Accurate, real-time information about the cuttings and mud on the shale shaker can be invaluable.
For example, a distinct change in the shape and size of cuttings can indicate an unexpected change in the sub-surface lithology. Similarly, accurate localization of the mud-front on the shale shaker can help ensure that the shale shakers are operating efficiently. However, the location and operational environment of shakers makes classical system instrumentation difficult and expensive. Computer vision provides a robust and inexpensive sensing modality that can be used to automatically and constantly track the shaker, mud flow and cuttings state.
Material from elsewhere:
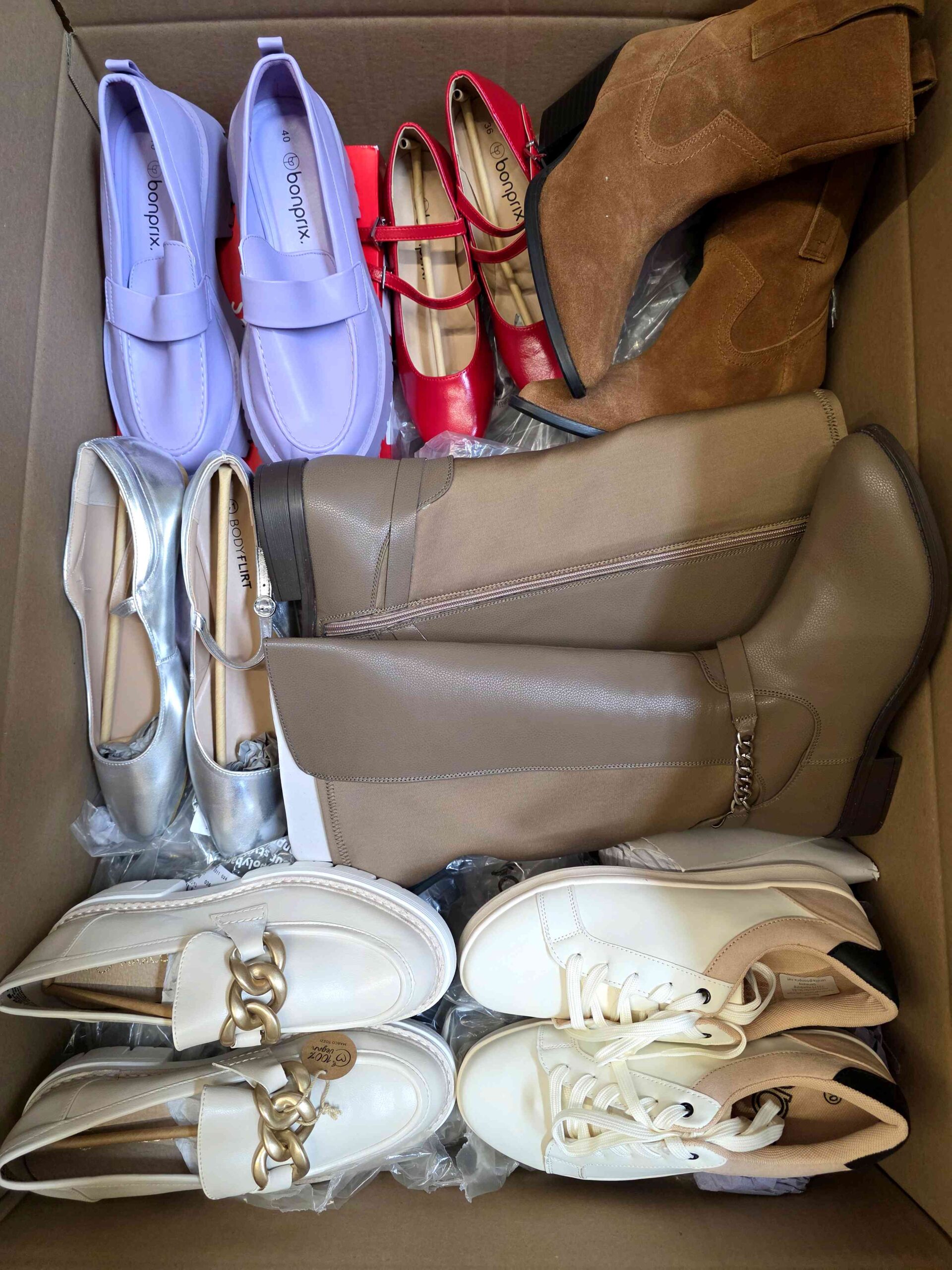Pakiet 25 par butów – mix damskich, męskich modeli. Różne rozmiary i sezony. Kategoria A/B – drobne, prawie niewidoczne wady. Większość obuwia w bardzo dobrym stanie.

The video above demonstrates our solids analysis computer vision system. This automated video processing functions by 1) isolating individual particles on the shaker using object detection techniques, 2) tracking the particles over time using a temporal-spatial-feature tracking algorithm, and,3) measuring the particle sizes, shapes and velocities using image morphology techniques. The resulting distributions of particle features (e.g., size, shape, velocity, eccentricities) form a statistical distribution (histograms below the image). These histograms can be used to flag changes in these distributions, and bring that information immediately to the attention of the mud-logger or driller, significantly increasing drilling safety and efficiency, and helping provide better understanding of the lithology at the bottom of the well-bore.
Mud Front Tracking
One of the largest day-rate expenses on a rig is the cost of drilling mud, and mud can be easily wasted if it is allowed to flow from the shale shakers overboard. Proper setting of the flow rate and choice of screen size is complicated since the ideal parameters change with various mud and well parameters. Measuring the location of the fluid front would enable automated shaker monitoring, but developing classical fluid-front monitoring instrumentation has been problematic. Since the fluid front can be identified visually, computer vision techniques can be applied to automate this processing. The video above shows an example frame of a demonstration video showing how the fluid front can be automatically identified in a video of the shale shakers. A camera ordinarily measures object positions in units of pixels, which need to be converted to real-world units (e.g., inches) in order to be useful for automated control. This example video shows how it is possible to utilize knowledge of the camera parameters and location to infer real-world coordinates (the fluid front location) from the raw camera data.